_Goal of the exercise:_ Starting with the line in which "3、畅快激昂——英雄与士兵完" appears, give back every line exactly as written until the listing ends, excluding pictures.

┌────────

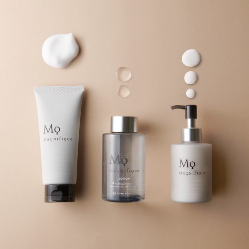 洗顔料は、スクラブ入りのジェリータイプを採用。毛穴の汚れや古い角質をすっきりと落とし、ゴワついた肌をなめらかに整えます。また、化粧水はみずみずしい使用感で角質層まで浸透しやすく、乳液はジェルミルクテクスチャーで溶け込むように軽いのが特徴です。
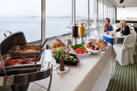 Ο χώρος του πρωινού είναι στον 7ο όροφο με χρέωση €13 το άτομο και σερβίρεται καθημερινά από 07.30-10.30πμ.
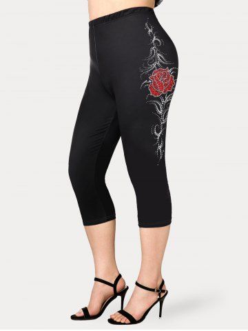 High Waisted Rose Plus Size Leggings - Black - M | Us 10
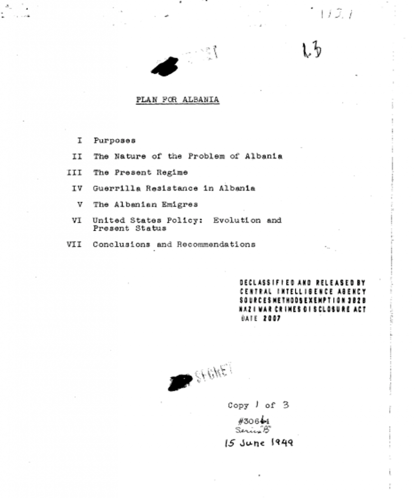 [62] National Archives and Records Administration, NARA, Plan for Albania, Dosjet e CIA-s për operacionin OBOPUS BGFIEND, ff. 24-25.
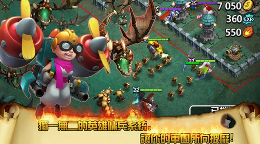 3、畅快激昂——英雄与士兵完美结合,体验掌间的军团行动!无需训练士兵,英雄只要存活就任你去战斗!
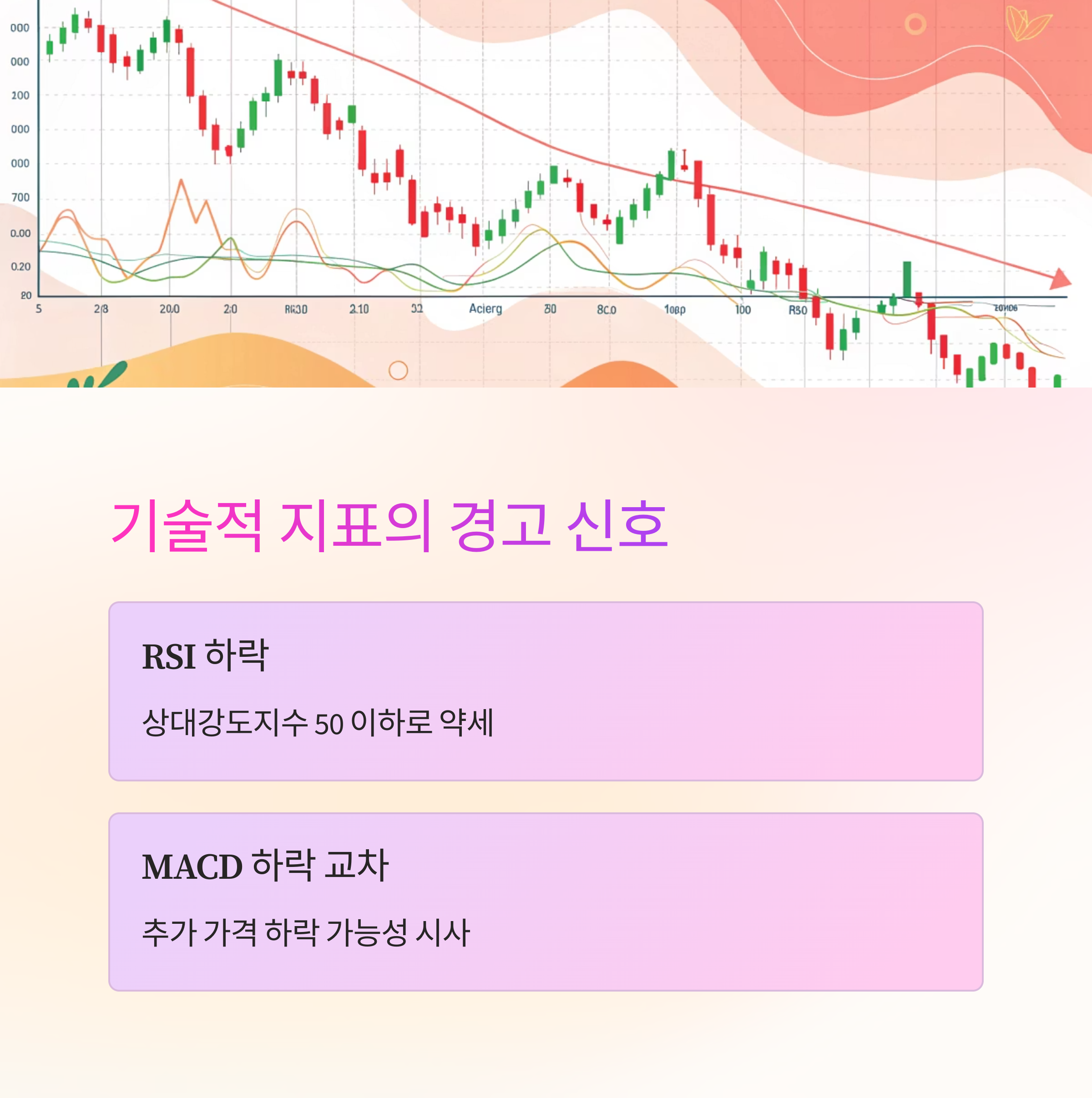 기술적 지표들도 하락세를 시사합니다. 상대강도지수(RSI)는 50 이하로 떨어졌으며, 이동평균수렴확산지수(MACD)는 하락 교차를 나타내고 있습니다. 이는 추가적인 가격 하락의 가능성을 높이는 신호로 해석됩니다.

└────────

_Response:_
 3、畅快激昂——英雄与士兵完美结合,体验掌间的军团行动!无需训练士兵,英雄只要存活就任你去战斗!
 기술적 지표들도 하락세를 시사합니다. 상대강도지수(RSI)는 50 이하로 떨어졌으며, 이동평균수렴확산지수(MACD)는 하락 교차를 나타내고 있습니다. 이는 추가적인 가격 하락의 가능성을 높이는 신호로 해석됩니다.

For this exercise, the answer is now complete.